Emerging research indicates that psychedelics may have therapeutic potential by fostering meaningful experiences that act as “inflection points” in people's narratives of personal development. However, psychedelic research has largely failed to address pertinent developmental considerations. We investigated whether attachment-related variables were associated with psychedelic experiences and whether psychedelic experiences moderated expected links between perceived attachment history and current adult attachment orientations.

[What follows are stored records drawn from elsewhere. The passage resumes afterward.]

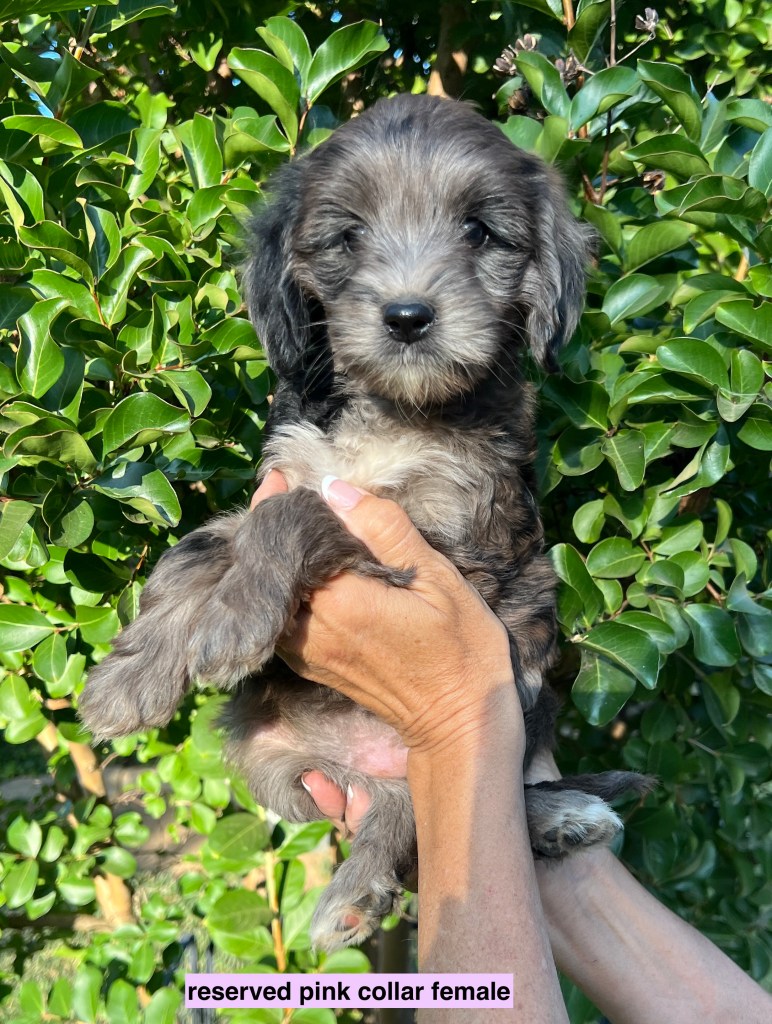 Tula is a happy, playful little girl that gets along terrifically with her dog siblings and humans alike. She lives in Vacaville with Don and Kim. and tw other doodles. she enjoys visits from many family members and daily walks around Vacaville. She is a very good mom and has had one very handsome litter in 2025. We are hoping for the same in 2026.
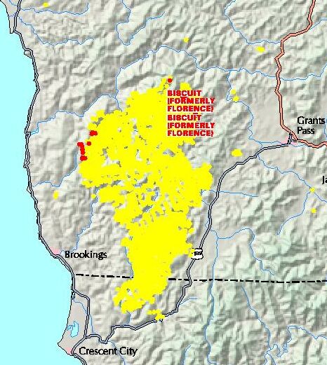 The Biscuit fire started with a lightning strike July 13. Since then, the fire has roared through vast portions of the Siskiyou National Forest and almost all of the Kalmiopsis Wilderness Area in southwestern Oregon.![]()
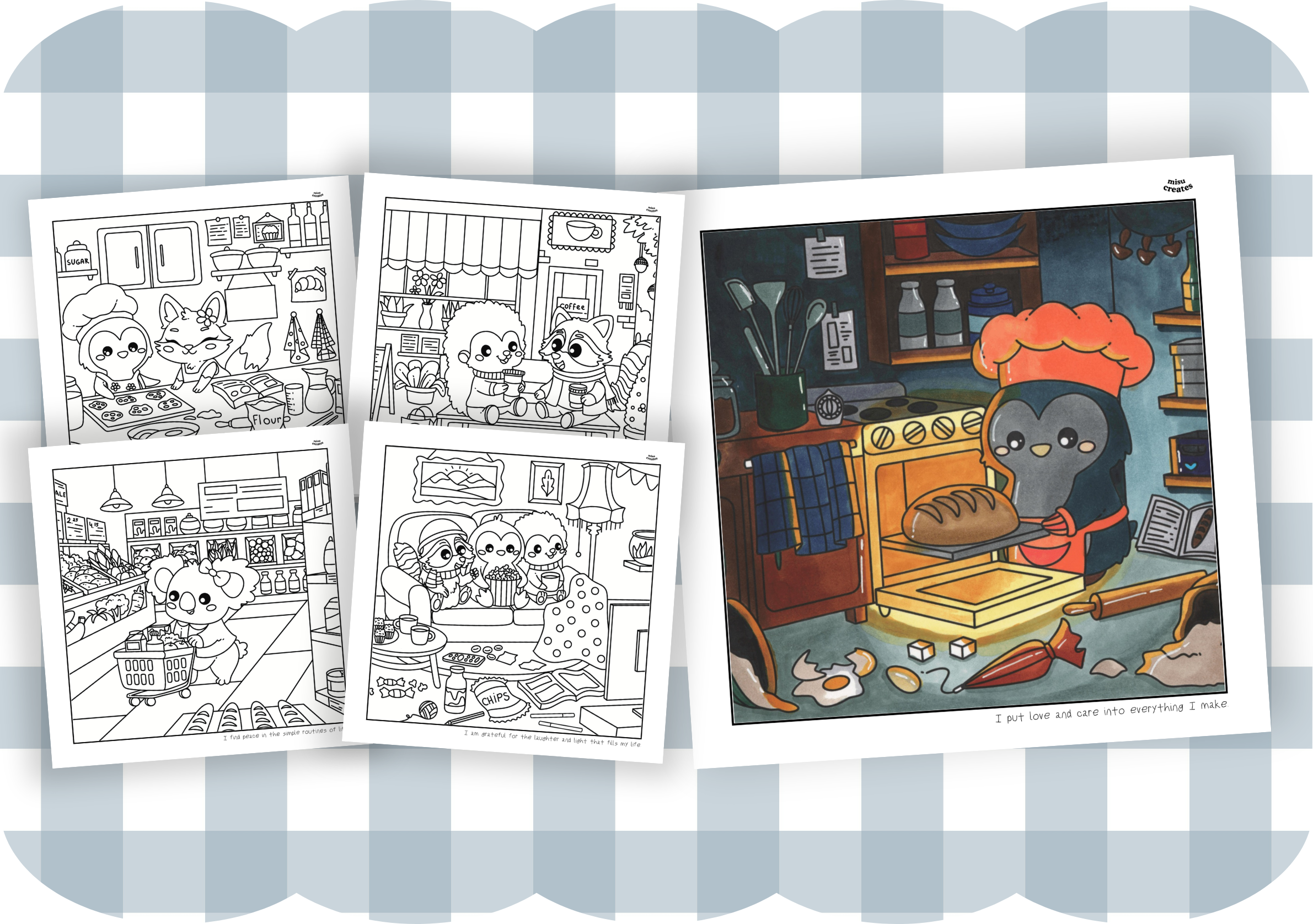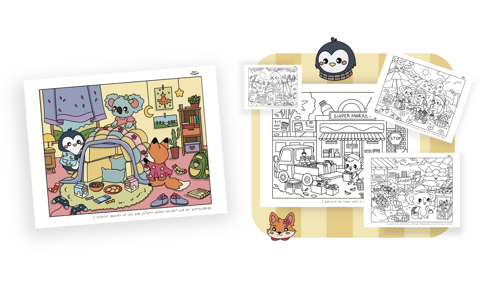 The Cozy Escape Coloring Book offers more than just coloring—it brings you into a world of cozy, relaxing scenes with charming characters. Each page includes a mindfulness phrase, perfect for reflection as you color, allowing you to turn each session into a peaceful meditation.

We administered an online survey to an international Jewish sample ( N = 185) with psychedelic experience. The survey included measures about recollection of attachment interactions with parents (perceived attachment history), adult attachment orientations (anxiety, avoidance), and psychedelic phenomenology (mystical experiences, challenging experiences, emotional breakthrough, ego dissolution, sensed presence) associated with respondents' most memorable psychedelic experiences.
Perceptions of an insecure attachment history were positively linked to all measures of psychedelic phenomenology ( r's = 0.19–32, p's mostly < 0.01). In contrast, adult attachment orientations were unrelated to psychedelic phenomenology. Also, psychedelic phenomenology mostly did not moderate the links observed between perceptions of an insecure attachment history and adult attachment orientations.
Our findings suggest that perceptions of early attachment experiences may be relevant to psychedelic phenomenology. However, subjective experiences associated with naturalistic psychedelic use do not typically attenuate links between a perceived insecure attachment history and attachment insecurity at present.